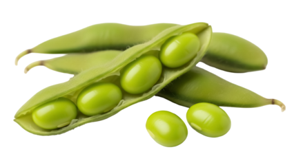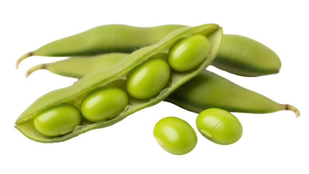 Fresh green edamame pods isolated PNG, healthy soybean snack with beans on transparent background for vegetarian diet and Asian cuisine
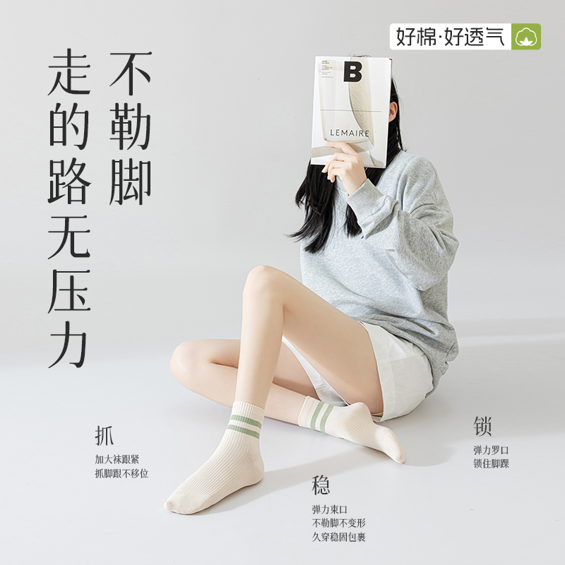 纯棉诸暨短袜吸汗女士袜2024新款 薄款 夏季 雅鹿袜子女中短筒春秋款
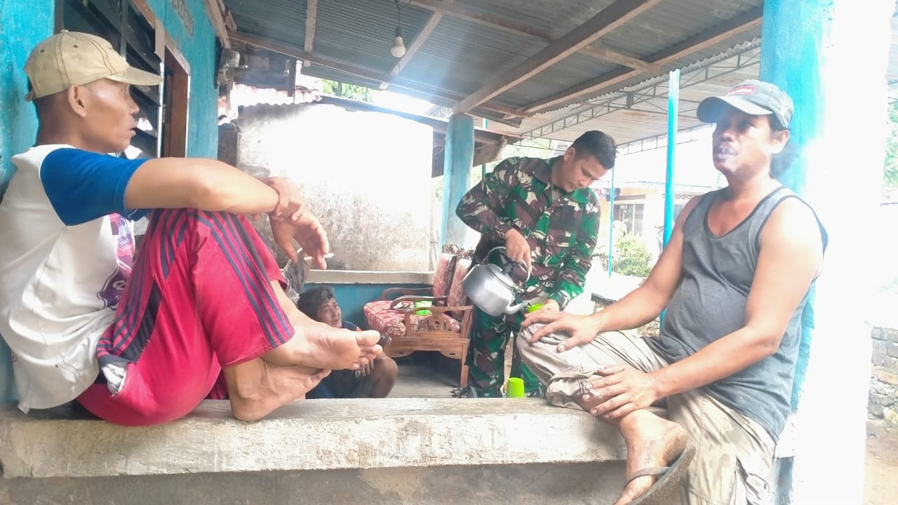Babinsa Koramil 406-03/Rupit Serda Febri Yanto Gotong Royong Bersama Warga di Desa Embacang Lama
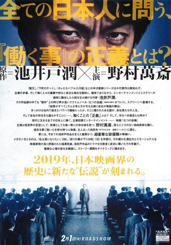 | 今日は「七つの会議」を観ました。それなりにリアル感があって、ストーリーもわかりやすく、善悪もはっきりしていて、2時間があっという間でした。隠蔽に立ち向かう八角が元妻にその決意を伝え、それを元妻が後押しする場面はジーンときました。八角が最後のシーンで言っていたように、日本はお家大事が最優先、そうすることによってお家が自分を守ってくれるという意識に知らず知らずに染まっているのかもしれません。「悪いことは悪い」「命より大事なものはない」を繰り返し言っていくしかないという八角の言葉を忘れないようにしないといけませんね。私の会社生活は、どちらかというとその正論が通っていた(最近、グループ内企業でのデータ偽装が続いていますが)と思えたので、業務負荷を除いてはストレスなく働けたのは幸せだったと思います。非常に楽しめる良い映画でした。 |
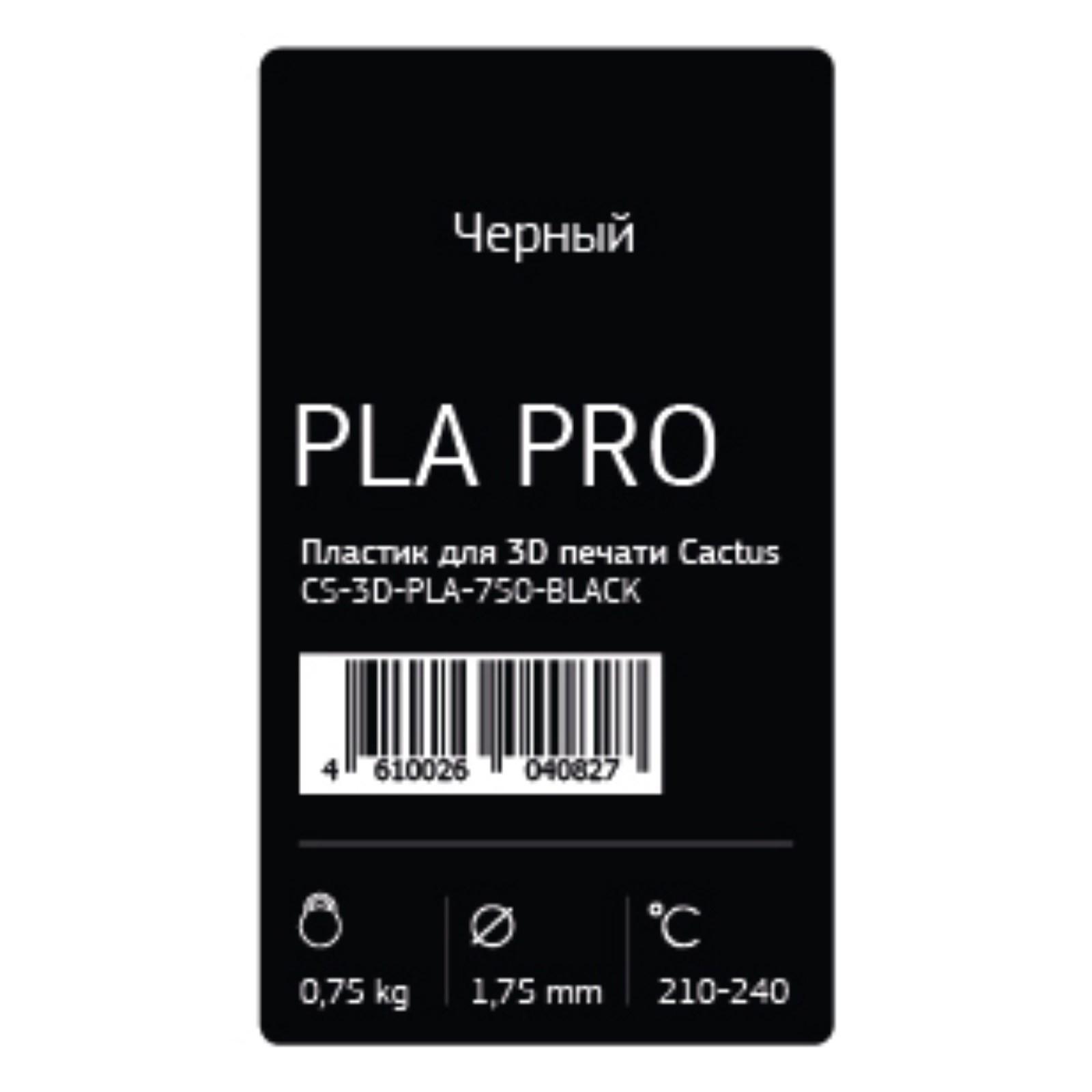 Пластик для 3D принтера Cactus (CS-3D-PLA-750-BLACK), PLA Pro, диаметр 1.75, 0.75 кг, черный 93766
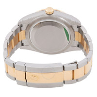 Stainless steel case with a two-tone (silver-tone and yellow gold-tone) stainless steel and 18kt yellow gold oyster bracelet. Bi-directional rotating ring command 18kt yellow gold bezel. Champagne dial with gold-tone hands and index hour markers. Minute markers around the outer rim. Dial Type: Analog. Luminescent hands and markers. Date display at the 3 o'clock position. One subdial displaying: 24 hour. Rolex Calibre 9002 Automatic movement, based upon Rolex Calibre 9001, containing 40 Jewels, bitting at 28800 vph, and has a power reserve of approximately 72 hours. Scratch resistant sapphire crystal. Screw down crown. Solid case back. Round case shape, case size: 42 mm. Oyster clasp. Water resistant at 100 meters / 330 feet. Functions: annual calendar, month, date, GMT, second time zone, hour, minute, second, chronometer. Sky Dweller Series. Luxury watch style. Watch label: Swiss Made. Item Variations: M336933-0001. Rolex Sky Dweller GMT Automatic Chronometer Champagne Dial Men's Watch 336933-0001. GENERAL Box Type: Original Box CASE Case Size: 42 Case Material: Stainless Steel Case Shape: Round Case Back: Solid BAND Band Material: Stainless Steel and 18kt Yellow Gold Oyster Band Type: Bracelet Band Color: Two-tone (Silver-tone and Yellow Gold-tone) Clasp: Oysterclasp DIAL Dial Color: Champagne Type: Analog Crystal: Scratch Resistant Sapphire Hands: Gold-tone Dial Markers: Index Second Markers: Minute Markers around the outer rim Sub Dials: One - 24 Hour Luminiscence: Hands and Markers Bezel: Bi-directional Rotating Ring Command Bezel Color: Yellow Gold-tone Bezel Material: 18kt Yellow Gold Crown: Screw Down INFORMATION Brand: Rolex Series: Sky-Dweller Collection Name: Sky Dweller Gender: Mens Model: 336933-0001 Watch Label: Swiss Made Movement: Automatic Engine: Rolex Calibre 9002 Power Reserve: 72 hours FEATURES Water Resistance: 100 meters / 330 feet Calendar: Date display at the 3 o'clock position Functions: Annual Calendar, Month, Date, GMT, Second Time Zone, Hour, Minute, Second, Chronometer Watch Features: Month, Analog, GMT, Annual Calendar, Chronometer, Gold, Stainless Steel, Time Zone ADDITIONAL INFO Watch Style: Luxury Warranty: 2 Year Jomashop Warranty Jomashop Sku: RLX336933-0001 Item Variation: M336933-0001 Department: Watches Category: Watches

• What you have to do
The preceding listing is to be restated word for word, with every picture omitted.

• Written solution
 Fresh green edamame pods isolated PNG, healthy soybean snack with beans on transparent background for vegetarian diet and Asian cuisine
 纯棉诸暨短袜吸汗女士袜2024新款 薄款 夏季 雅鹿袜子女中短筒春秋款
Babinsa Koramil 406-03/Rupit Serda Febri Yanto Gotong Royong Bersama Warga di Desa Embacang Lama
 | 今日は「七つの会議」を観ました。それなりにリアル感があって、ストーリーもわかりやすく、善悪もはっきりしていて、2時間があっという間でした。隠蔽に立ち向かう八角が元妻にその決意を伝え、それを元妻が後押しする場面はジーンときました。八角が最後のシーンで言っていたように、日本はお家大事が最優先、そうすることによってお家が自分を守ってくれるという意識に知らず知らずに染まっているのかもしれません。「悪いことは悪い」「命より大事なものはない」を繰り返し言っていくしかないという八角の言葉を忘れないようにしないといけませんね。私の会社生活は、どちらかというとその正論が通っていた(最近、グループ内企業でのデータ偽装が続いていますが)と思えたので、業務負荷を除いてはストレスなく働けたのは幸せだったと思います。非常に楽しめる良い映画でした。 |
 Пластик для 3D принтера Cactus (CS-3D-PLA-750-BLACK), PLA Pro, диаметр 1.75, 0.75 кг, черный 93766
 Stainless steel case with a two-tone (silver-tone and yellow gold-tone) stainless steel and 18kt yellow gold oyster bracelet. Bi-directional rotating ring command 18kt yellow gold bezel. Champagne dial with gold-tone hands and index hour markers. Minute markers around the outer rim. Dial Type: Analog. Luminescent hands and markers. Date display at the 3 o'clock position. One subdial displaying: 24 hour. Rolex Calibre 9002 Automatic movement, based upon Rolex Calibre 9001, containing 40 Jewels, bitting at 28800 vph, and has a power reserve of approximately 72 hours. Scratch resistant sapphire crystal. Screw down crown. Solid case back. Round case shape, case size: 42 mm. Oyster clasp. Water resistant at 100 meters / 330 feet. Functions: annual calendar, month, date, GMT, second time zone, hour, minute, second, chronometer. Sky Dweller Series. Luxury watch style. Watch label: Swiss Made. Item Variations: M336933-0001. Rolex Sky Dweller GMT Automatic Chronometer Champagne Dial Men's Watch 336933-0001. GENERAL Box Type: Original Box CASE Case Size: 42 Case Material: Stainless Steel Case Shape: Round Case Back: Solid BAND Band Material: Stainless Steel and 18kt Yellow Gold Oyster Band Type: Bracelet Band Color: Two-tone (Silver-tone and Yellow Gold-tone) Clasp: Oysterclasp DIAL Dial Color: Champagne Type: Analog Crystal: Scratch Resistant Sapphire Hands: Gold-tone Dial Markers: Index Second Markers: Minute Markers around the outer rim Sub Dials: One - 24 Hour Luminiscence: Hands and Markers Bezel: Bi-directional Rotating Ring Command Bezel Color: Yellow Gold-tone Bezel Material: 18kt Yellow Gold Crown: Screw Down INFORMATION Brand: Rolex Series: Sky-Dweller Collection Name: Sky Dweller Gender: Mens Model: 336933-0001 Watch Label: Swiss Made Movement: Automatic Engine: Rolex Calibre 9002 Power Reserve: 72 hours FEATURES Water Resistance: 100 meters / 330 feet Calendar: Date display at the 3 o'clock position Functions: Annual Calendar, Month, Date, GMT, Second Time Zone, Hour, Minute, Second, Chronometer Watch Features: Month, Analog, GMT, Annual Calendar, Chronometer, Gold, Stainless Steel, Time Zone ADDITIONAL INFO Watch Style: Luxury Warranty: 2 Year Jomashop Warranty Jomashop Sku: RLX336933-0001 Item Variation: M336933-0001 Department: Watches Category: Watches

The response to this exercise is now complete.